ACTION ITEM: A verbatim reproduction of the lines below, from the line containing "Des potions et" through the line containing "오퍼를 제공할 수 있거나", both ends included, is the whole required output.

TASK MATERIAL:
☆ ☆ ☆ ☆ ☆ ☆ ☆
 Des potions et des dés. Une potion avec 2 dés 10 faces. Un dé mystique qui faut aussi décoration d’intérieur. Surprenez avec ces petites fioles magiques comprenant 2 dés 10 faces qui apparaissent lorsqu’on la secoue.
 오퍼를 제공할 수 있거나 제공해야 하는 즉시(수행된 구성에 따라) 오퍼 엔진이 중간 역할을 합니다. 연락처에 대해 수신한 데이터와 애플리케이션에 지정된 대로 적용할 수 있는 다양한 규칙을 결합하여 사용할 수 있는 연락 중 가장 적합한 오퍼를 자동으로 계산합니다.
☆ ☆ ☆ ☆ ☆ ☆ ☆
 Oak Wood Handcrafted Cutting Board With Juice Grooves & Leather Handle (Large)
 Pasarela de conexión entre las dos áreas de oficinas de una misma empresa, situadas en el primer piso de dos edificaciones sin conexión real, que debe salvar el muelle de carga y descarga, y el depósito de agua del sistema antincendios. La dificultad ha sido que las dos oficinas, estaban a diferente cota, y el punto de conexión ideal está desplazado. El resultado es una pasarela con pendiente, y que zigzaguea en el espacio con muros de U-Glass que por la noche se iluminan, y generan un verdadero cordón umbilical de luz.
☆ ☆ ☆ ☆ ☆ ☆ ☆
EXERCISE OUTPUT:
 Des potions et des dés. Une potion avec 2 dés 10 faces. Un dé mystique qui faut aussi décoration d’intérieur. Surprenez avec ces petites fioles magiques comprenant 2 dés 10 faces qui apparaissent lorsqu’on la secoue.
 오퍼를 제공할 수 있거나 제공해야 하는 즉시(수행된 구성에 따라) 오퍼 엔진이 중간 역할을 합니다. 연락처에 대해 수신한 데이터와 애플리케이션에 지정된 대로 적용할 수 있는 다양한 규칙을 결합하여 사용할 수 있는 연락 중 가장 적합한 오퍼를 자동으로 계산합니다.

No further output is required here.